In the fifth cycle, the waveform was maintained almost in the same manner as in the first cycle, showing high cycle characteristics. On the other hand, when the positive electrode active material including coarse primary particles having a particle size of 4 μm or more shown in Comparative Examples 1 and 2 and secondary particles having a non-uniform primary particle size is used, As the cycle characteristics deteriorated and the charge / discharge cycle of the battery was repeated as shown in Table 1, the discharge capacity and the discharge capacity maintenance ratio were significantly reduced.

Further, in the cyclic voltammogram of a single particle shown in FIG. 4, when the cycle was repeated, the waveform was disturbed, and the peak current value was significantly reduced. And when the measurement was performed while observing with a metallographic microscope in detail, secondary particles that collapsed during repeated cycles were observed.

[0026]

As described above, by using the lithium cobalt oxide according to the present invention as a positive electrode active material of a non-aqueous electrolyte secondary battery, a non-aqueous electrolyte secondary battery capable of exhibiting excellent cycle characteristics is manufactured. It becomes possible.

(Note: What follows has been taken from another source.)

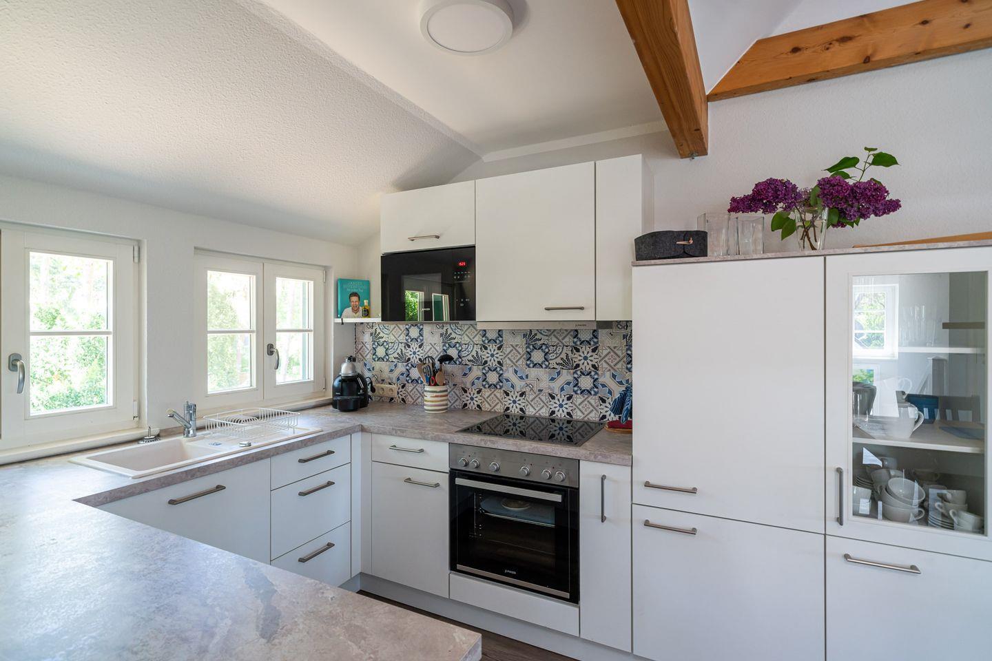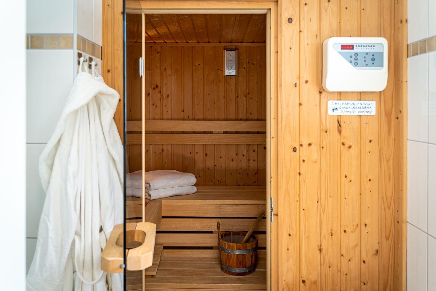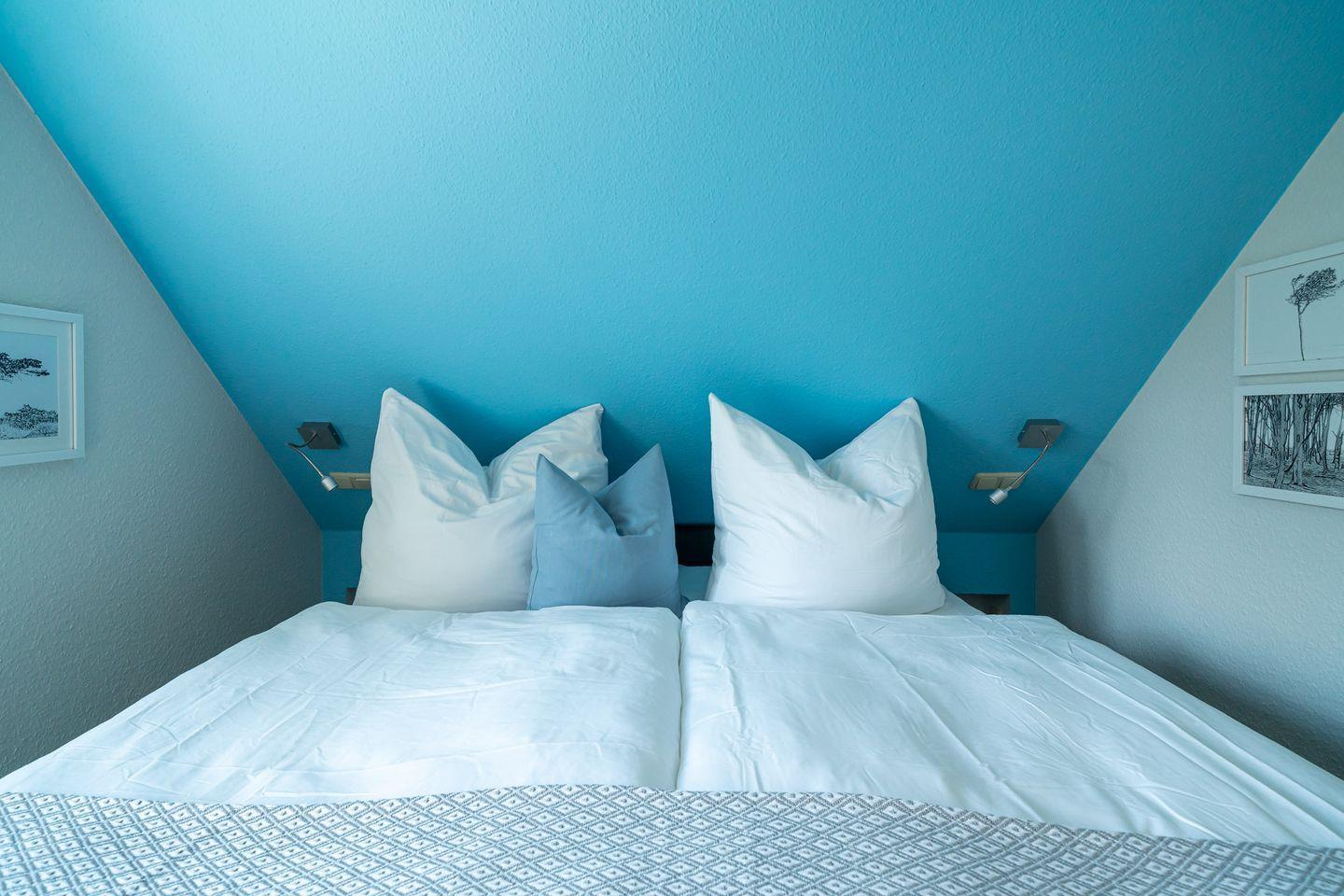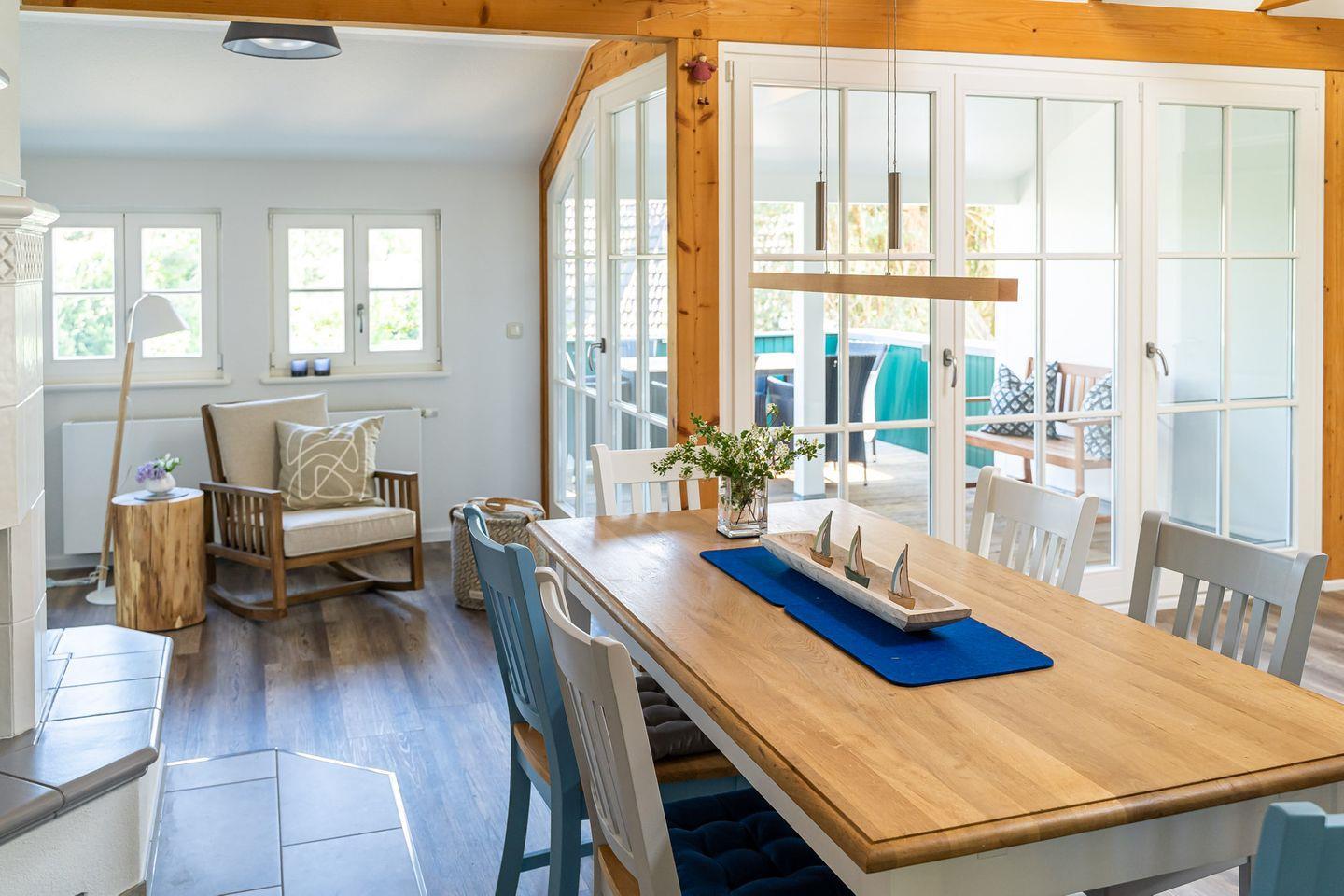 Vom Interieur, über Kunst- und Deko-Elemente bis ins kleinste Detail wurde in der Ferienwohnung „Gelassenheit“ alles liebevoll und ausgesucht eingerichtet. Entstanden ist ein modernes Beachhouse-Flair, das sich perfekt an seine Strandumgebung anpasst. Über eine große Holzterrasse geht’s in den Eingang. Im Erdgeschoss befindet sich das erste der drei Schlafzimmer. Großzügig gestaltet, mit hochwertigem Boxspringbett und Strandbildern, die zum Träumen einladen. Die hauseigene Sauna mit angeschlossenem Bad geht ebenfalls vom Flur ab. Gerade nach einem stürmischen Strandspaziergang ist die wohltuende Wärme das i-Tüpfelchen für eine erholsamen Tag. Über die Holztreppe gelangst du in den offenen Wohnbereich. Mit der gemütlichen Couch, der modernen Küche, dem großen Esstisch am Kaminofen und dem Schaukelstuhl spielt sich hier das Urlaubsleben ab. Ein weiteres Highlight ist die großzügige und teils überdachte Dachterrasse (18 qm), die Dank heimischer Bäume, Sträucher und niedlichen Reetdächern das ganze Jahr über einen wundervollen Ausblick bietet. Zwei stilvolle Schlafzimmer mit komfortablen Boxspringbetten, eins mit Bad en Suite sowie ein weiteres Badezimmer runden den Wohnkomfort für bis zu sechs Personen perfekt ab.

[Brief description of the drawings]

FIG. 1 shows a graph of 20 using the positive electrode active material obtained according to the present invention.
It is a partially cutaway perspective view of a 32 type coin battery.

FIG. 2 is a schematic diagram of an apparatus for measuring a cyclic voltammogram of a single secondary particle.

FIG. 3 is a cyclic voltammogram of single secondary particles of lithium cobaltate obtained in Example 1.

FIG. 4 is a cyclic voltammogram of a single secondary particle of lithium cobaltate obtained in Comparative Example 2.

[Explanation of symbols]

 DESCRIPTION OF SYMBOLS 1 Negative electrode can 2 Lithium metal pellet 3 Separator 4 Gasket 5 Positive electrode pellet 6 Positive electrode can 11 Single positive electrode active material particle 12 Microscope 13 Micro lead electrode 14 Micromanipulator 15 Glass filter 16 Electrolyte solution 17 Lithium metal 18 Micro current potentiostat

 ────────────────────────────────────────────────── ─── Continuing on the front page (72) Inventor Kazunori Matsumoto 3-18-5, China, Ichikawa, Chiba Sumitomo Metal Mining Co., Ltd. Central Research Laboratory F-term (reference) 5H003 AA04 BA01 BB05 BC01 BC06 BD02 BD05 5H029 AJ05 AK03 AL06 AL12 AM03 AM04 AM05 AM07 BJ03 BJ16 CJ02 DJ16 DJ17 HJ02 HJ05 HJ08

Claims (5)

[Claims] 1. A positive electrode active material for a non-aqueous electrolyte secondary battery using lithium cobaltate represented by the formula LiCoO ₂ , wherein the lithium cobaltate has a Feret diameter of 0.1 to 4 μm in a projected figure by SEM observation. And a spherical or elliptical secondary particle in which a large number of primary particles of small crystals having an average particle diameter of 2 μm or less are aggregated. 2. The positive electrode active material for a non-aqueous electrolyte secondary battery according to claim 1, wherein the secondary particles have a particle size in a range of 1 to 40 μm. 3. The positive electrode active material for a non-aqueous electrolyte secondary battery according to claim 1, wherein at least a part of the small crystals constituting the secondary particles are joined by sintering. material. 4. The lithium cobalt oxide has a tap density of 2.2 g / cm ³ or more.
The positive electrode active material for a non-aqueous electrolyte secondary battery according to any one of claims 1 to 3. 5. A non-aqueous electrolyte secondary battery comprising the positive electrode active material according to claim 1 as a constituent element.